I was sitting in my office fresh from vacation.  The translation for the week was done. I was trying to scrape the rust off the brain.  Half-heartedly skimming somebody’s commentary on the gospel of the week. When I felt a breeze.  But it wasn’t the AC kicking on and refilling the tubes.  Instead it was an old friend.

“Dr. Luther, I didn’t know if I’d ever see you again.  I got the feeling the last time we talked it might be the last time. And that was quite a while ago.  About 7 years”

“Seven years? You’ve got to remember, time for me isn’t quite linear anymore. Worms feels like yesterday.  So that little conversation of ours was just this morning.  But I did notice that you seem to have moved.  And not a small one.  You know, other than my trip to Rome, which was only about 850 miles, I don’t think I ever traveled more than 75 miles away from my hometown.  And you are sitting on the other end of a continent!  And it is hot.  Are you sure you didn’t move closer to hell?”

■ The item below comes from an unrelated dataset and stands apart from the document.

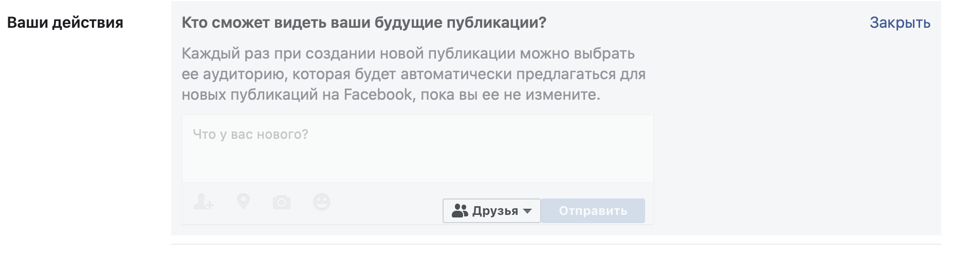 «Настройки и конфиденциальность» → «Быстрые настройки конфиденциальности» → «Дополнительный настройки конфиденциальности» → «Ваши действия» → «Кто сможет видеть ваши будущие публикации?» → «Изменить» → выберите «Только друзья». Там же можно выбрать «Ограничить доступ к старым публикациям» для друзей.

“Yeah.  That might have been an undercurrent in that conversation earlier this morning. Remember how von Staupitz sent you on that Roman trip. Said, ‘you need to see the city.’  Sometimes in our common work of the gospel you need to be somewhere else.  At least that is what we tell ourselves.”

“But it seems to have worked. The black dog was at your door last time, and I hear no barking now.  Although these little chats are never without purpose.  I don’t get released from Leo X and Charles V for chit-chat.”

“You are going to have to tell me about those chats.”

“You’ll get your own one day.  Mark 7.  That’s what you are pondering.”

“Yes. It is just so unnatural.  It is all law, but the law is usually natural. We call it cancel culture – driving out the unclean – but it is really larger than that. Parents spend inordinate amounts of time and money trying to control their kids peer groups.  Our own synod excommunicated a 20 year old recently, basically for hanging out with the the wrong sorts. All of that seems natural, like practical wisdom.  Hygiene.  Yet Christ says, ‘there is nothing outside a person that by going into him can defile him.’  And the received understanding immediately jumps to Jesus eating with ‘tax collectors and sinners.’ But this passage has been used to justify all kinds of terrible stuff.  Material that is clearly not good for anything, but the second you say so, somebody stands up and calls you a Pharisee or a legalist.”

“I did say the proper separation of law and gospel was the hardest skill in all of Christendom.  And the one most necessary.”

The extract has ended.